The Tool Loop Pattern

In practice, an AI agent often needs to call multiple tools in sequence — search for information, then look up a record, then take an action. This requires a tool loop.

messages = [
    {"role": "system", "content": system_prompt},
    {"role": "user", "content": user_message}
]

while True:
    response = client.chat.completions.create(
        model="gpt-4o",
        messages=messages,
        tools=tools
    )

    assistant_message = response.choices[0].message

    if not assistant_message.tool_calls:
        # No more tool calls — return the final response
        print(assistant_message.content)
        break

    messages.append(assistant_message)

    for tool_call in assistant_message.tool_calls:
        result = execute_tool(tool_call.function.name, tool_call.function.arguments)
        messages.append({
            "role": "tool",
            "tool_call_id": tool_call.id,
            "content": str(result)
        })

This loop continues until the LLM generates a text response instead of a tool call — signaling that it has gathered enough information to answer.

Limiting tool calls

Without limits, the agent could loop indefinitely. Always set a maximum.

MAX_TOOL_CALLS = 5
tool_call_count = 0

while tool_call_count < MAX_TOOL_CALLS:
    response = client.chat.completions.create(...)
    if not assistant_message.tool_calls:
        break
    tool_call_count += len(assistant_message.tool_calls)

Writing Good Function Descriptions

The quality of your function descriptions directly determines how reliably the LLM selects the right function and passes correct arguments.

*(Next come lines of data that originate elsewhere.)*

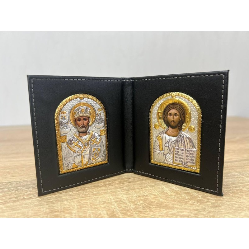 (K-03-01) Jesus Christ - Saint Nicholas/Byzantine Silver Orthodox Pocket Icon/Greek/Handmade (black, 3x3)
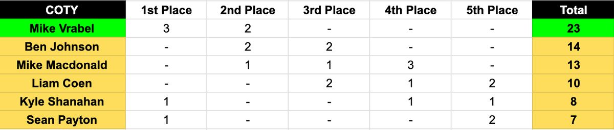 Just like you’d expect, the MVP race turned into an absolute dogfight between Matthew Stafford and Drake Maye. Not a single other player managed to snag a first- or second-place vote. In the end, Stafford’s absurd 46:8 TD-to-INT split was enough to earn him the nod. People will keep arguing about strength of schedule until they're blue in the face, but the truth is, both of these guys played well enough to take home the award.
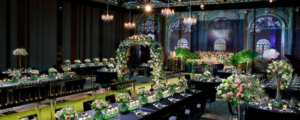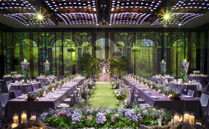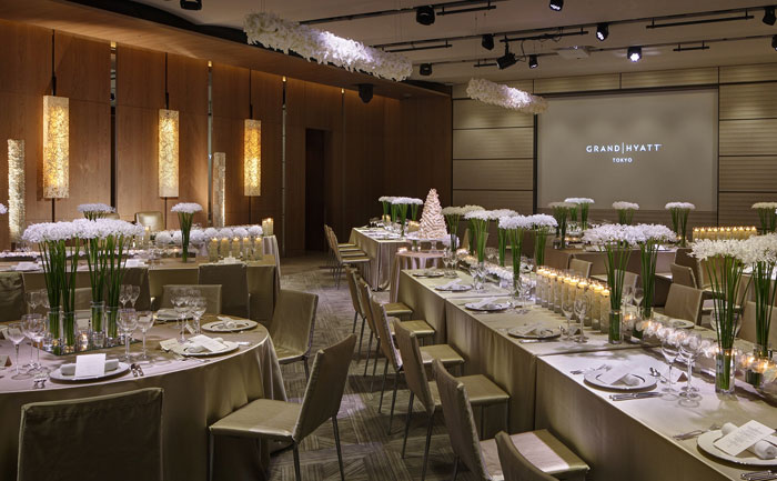 常に時代の先端を行く街・六本木に位置し、ひときわ目を惹く「グランド ハイアット 東京」は、世界的ブランドの名にふさわしいラグジュアリーホテル。洗練されたインテリアで統一された館内には、至るところにアート作品が配され、訪れる人々の感性を刺激してくれる。日本の伝統的な美意識が息づく白木の神殿や、16mもの高さの天井から自然光が降り注ぐチャペル、緑に溢れたプライベートガーデンなど、ウエディングをドラマティックに彩る空間が豊富に揃うのも魅力。
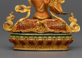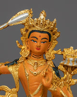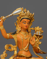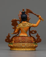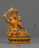 The beautiful Tiny Manjushri Sculpture is a compact symbol of supreme wisdom and understanding. This magnificent sculpture is machine-made, so each component is precise and homogeneous. It combines traditional workmanship and modern production techniques with a strong copper body and beautiful gold and acrylic paintings. Despite its small size, this sculpture captures the grandeur and majesty of Manjushri, the Bodhisattva of Wisdom, and is an excellent gift for individuals who value Buddhist teachings and philosophy.
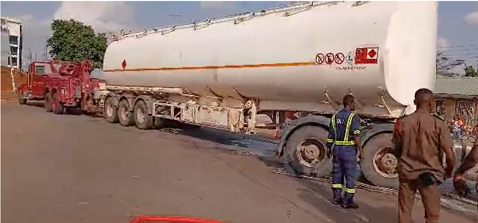 8. Firefighters remain at the scene to ensure safety as arrangements are underway for the safe transfer of the remaining petrol from the affected tanker into another tanker
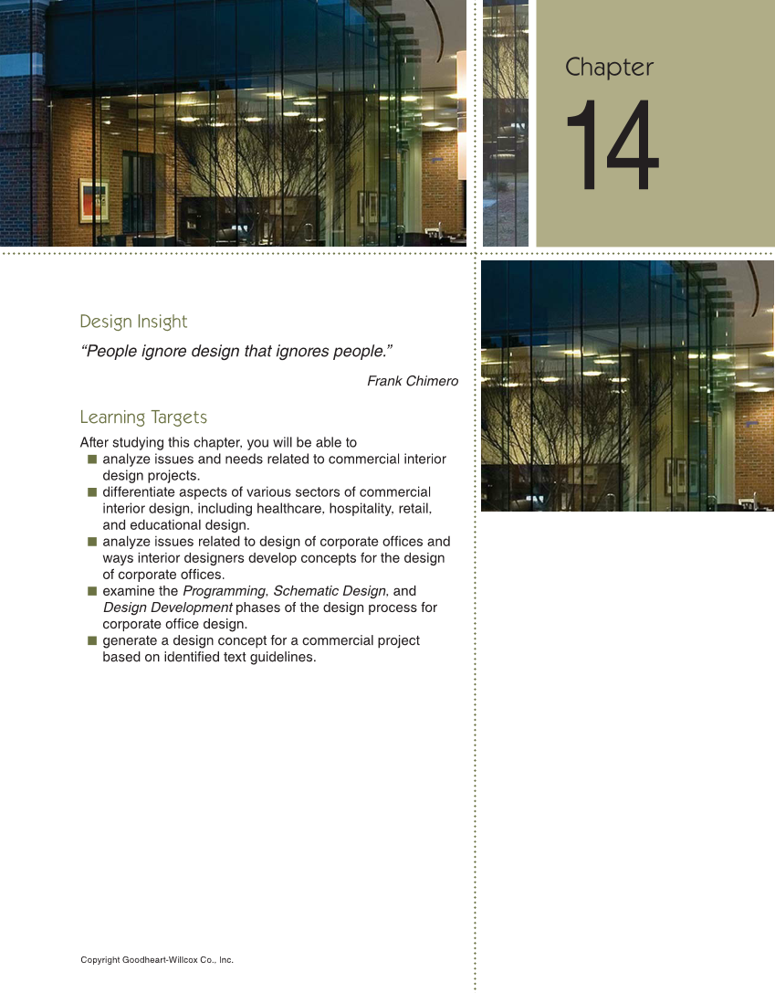 Chapter 14 Commercial Interior Design Applications 479 Copyright Goodheart-Willcox Co., Inc. Design Insight “People ignore design that ignores people.” Frank Chimero Learning Targets After studying this chapter, you will be able to ■ analyze issues and needs related to commercial interior design projects. ■ differentiate aspects of various sectors of commercial interior design, including healthcare, hospitality, retail, and educational design. ■ analyze issues related to design of corporate offi ces and ways interior designers develop concepts for the design of corporate offi ces. ■ examine the Programming, Schematic Design, and Design Development phases of the design process for corporate offi ce design. ■ generate a design concept for a commercial project based on identifi ed text guidelines. 14Chapter

This is prompt engineering for tools.

Rules for function descriptions

Be specific about what the function does:

Bad:  "Gets data"
Good: "Retrieves the current shipping status, tracking number, and estimated
       delivery date for a customer order by its order ID"

Describe parameter formats and constraints:

Bad:  "date": { "type": "string", "description": "Date" }
Good: "date": { "type": "string", "description": "Date in YYYY-MM-DD format (e.g., 2026-03-04)" }

Specify when to use the function vs when not to:

"description": "Search the product catalog for items matching a query.
Use this for product-related questions. Do NOT use this for order status
or account questions — use get_order_status or get_account_info instead."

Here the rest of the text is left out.